De François Mitterrand à Manuel Valls, en passant par Raymond Marcellin, Michel Poniatowski, Christian Bonnet, Charles Pasqua ou Nicolas Sarkozy, la plupart des occupants de Beauvau ont compris très tôt l’avantage politique que procure la gestion sécuritaire de l’immigration.

Ce ministère offre une scène idéale : uniformes, chiffres, expulsions, déclarations martiales. Peu importe l’efficacité réelle des politiques menées, l’essentiel est ailleurs — dans la mise en scène de l’ordre.

Chacun y a imprimé son style, oscillant entre discours d’intégration et surenchère répressive, mais tous ont partagé la même certitude : l’immigration fait gagner en visibilité ce qu’elle fait perdre en lucidité.

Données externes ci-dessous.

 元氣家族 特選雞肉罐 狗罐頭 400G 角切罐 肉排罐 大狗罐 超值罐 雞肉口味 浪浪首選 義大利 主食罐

La peur comme capital électoral

Ce qui se joue à Beauvau n’est pas tant une politique publique qu’une stratégie émotionnelle. L’immigration est présentée comme une menace diffuse, protéiforme, jamais vraiment définie, mais suffisamment inquiétante pour justifier durcissements législatifs, contrôles symboliques et déclarations anxiogènes.

En entretenant un climat de suspicion permanente, les ministres de l’Intérieur se posent en remparts face au chaos annoncé. Ils rassurent une partie de l’opinion tout en légitimant les thèses de l’extrême droite, qu’ils prétendent pourtant combattre. Loin de désamorcer les fantasmes, ils les normalisent.

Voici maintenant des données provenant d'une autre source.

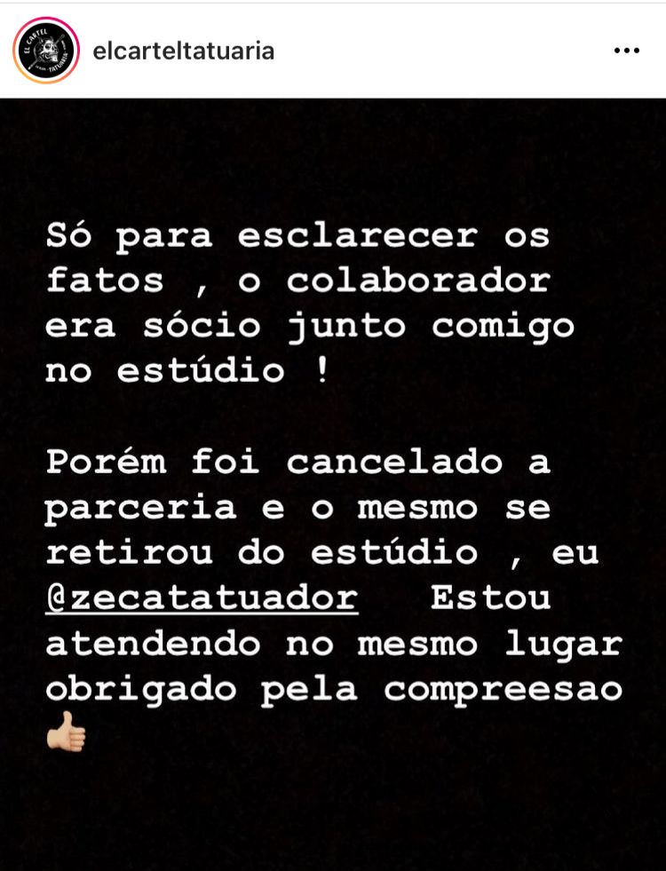 Segundo o estúdio de tatuagem El Cartel Tatuaria, Rodrigo era sócio do estabelecimento, mas um acordo entre as partes resultou no desligamento dele da empresa. “O estúdio elcarteltatuaria não compactua com qualquer tipo de incitação à violência contra mulher! Deixando bem claro que o colaborador foi demitido do estúdio, sendo assim não fazendo mais parte do quadro de funcionários”, declarou o estúdio, em nota nas redes sociais.

De Beauvau à l’Élysée : une trajectoire balisée ?

Le passage par le ministère de l’Intérieur apparaît ainsi comme un rite initiatique pour toute ambition nationale. Nicolas Sarkozy en a fait la démonstration éclatante ; d’autres ont tenté de suivre la même trajectoire, convaincus qu’une posture de fermeté sur l’immigration constitue un sésame électoral.

Bruno Retailleau, Gérald Darmanin et d’autres encore s’inscrivent dans cette continuité : parler plus fort, frapper plus dur, montrer qu’on contrôle. Peu importe si les résultats ne suivent pas ; l’essentiel est d’occuper l’espace médiatique, de donner l’illusion de l’action, et de se construire une stature présidentielle ou, à défaut, incontournable.

Un débat public appauvri

À force d’être instrumentalisée, la question migratoire a perdu toute complexité. Elle n’est plus traitée comme un phénomène social, économique et historique, mais comme un outil de domination politique. Toute nuance est perçue comme faiblesse, toute analyse comme complaisance.

Cette réduction permanente du débat nourrit les peurs, fracture la société et enferme des millions de citoyens dans une identité problématique, suspecte par principe. Elle mine la promesse républicaine au nom même de sa prétendue défense.

Beauvau, symptôme d’une démocratie fébrile

Que certains s’imaginent que le ministère de l’Intérieur est devenu un passage obligé pour accéder au sommet de l’État en dit long sur l’état de la démocratie française. Une démocratie qui gouverne par l’angoisse, qui confond autorité et brutalité symbolique, et qui préfère la désignation de boucs émissaires à la recherche de solutions durables.

Tant que l’immigration restera un tremplin pour les carrières plutôt qu’un sujet traité avec responsabilité et humanité, elle continuera d’empoisonner le débat public — et de servir ceux qui prospèrent sur la peur plutôt que sur le courage politique.